“Desechando, pues, toda malicia, todo engaño, hipocresía, envidias, y todas las detracciones, 2 desead, como niños recién nacidos, la leche espiritual no adulterada, para que por ella crezcáis para salvación.” 1ª Pedro 2:1-2. 

Después de recibir a Cristo en el corazón como Señor y Salvador, el nuevo creyente necesita crecer espiritualmente del mismo modo que un recién nacido crece físicamente. El crecimiento como tal, demanda cuidados tales como buena nutrición y seguridad respecto a cualquier peligro que intente hacer daño, entre otros.

La expresión “desead” en el original significa anhelar en gran manera, intensamente, de tal modo que lo que se desea se impone por encima de cualquier otra cosa. Un niño instintivamente desea la leche y se alimenta de ella sin argumentar ni hacer análisis químicos al producto que está consumiendo, esto nos habla de la simple aceptación de la verdad, sin racionalizaciones arrogantes. En aquel tiempo, respondiendo Jesús, dijo: Te alabo, Padre, Señor del cielo y de la tierra, porque escondiste estas cosas de los sabios y de los entendidos, y las revelaste a los niños. Sí, Padre, porque así te agradó. San Mateo 11:25-26. La pista más confiable de que alguien está creciendo espiritualmente, es el deseo profundo de alimentarse con La Palabra de Dios.
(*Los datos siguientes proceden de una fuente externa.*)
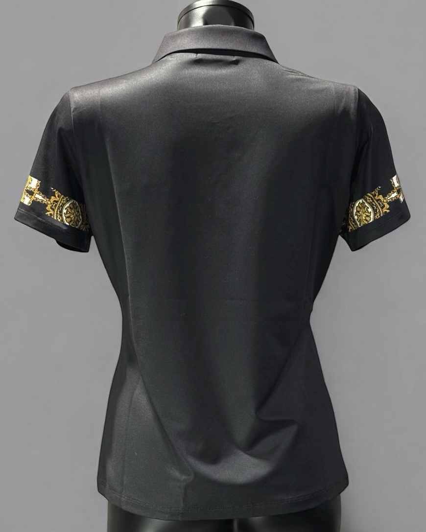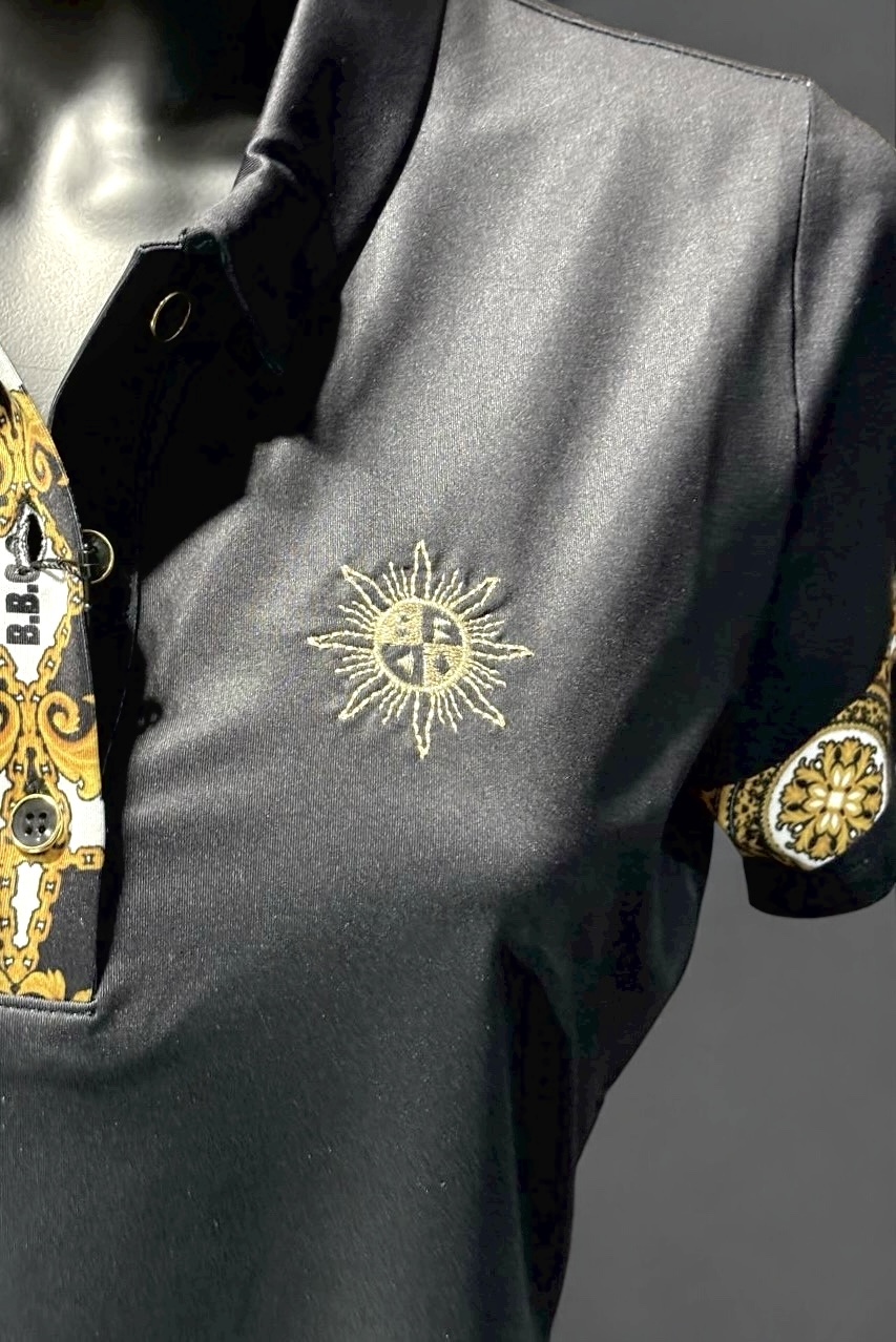 前立てと袖口にバロック調のパタ-ンプリントをあしらい、胸元の(SUN) ゴールド刺繍をワンポイントにあしらったポロシャツ。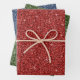 Set of three, one red, one green and one blue glitter wrapping paper sheets.

El sano proceso de desarrollo y crecimiento físico de una persona, involucra entre otros, una nutrición equilibrada y saludable, acorde con esta idea básica, La Palabra de Dios es el alimento que suple las necesidades del alma, ella posee el contenido del plan divino para el bienestar integral sus criaturas. No siempre lo que agrada al gusto satisface necesariamente las necesidades biológicas, de igual manera, no siempre lo que genera complacencia a nuestros sentidos suele ser lo que necesitamos para un sano crecimiento espiritual, de ahí que, dar prioridad a lo establecido por Dios antes que a nuestras propias percepciones, es lo realmente importante, cuando el interés consiste en escalar continuamente hasta llegar a ser maduros en la fe, ¡Esto es realmente crecer espiritualmente!

La lectura Bíblica constante, la meditación y memorización de Las Escrituras, el estudio de la Palabra de Dios aplicado a la vida cotidiana, y el acompañamiento de una vida devocional disciplinada, son las herramientas con las que se le pone el sello de garantía al progreso cristiano.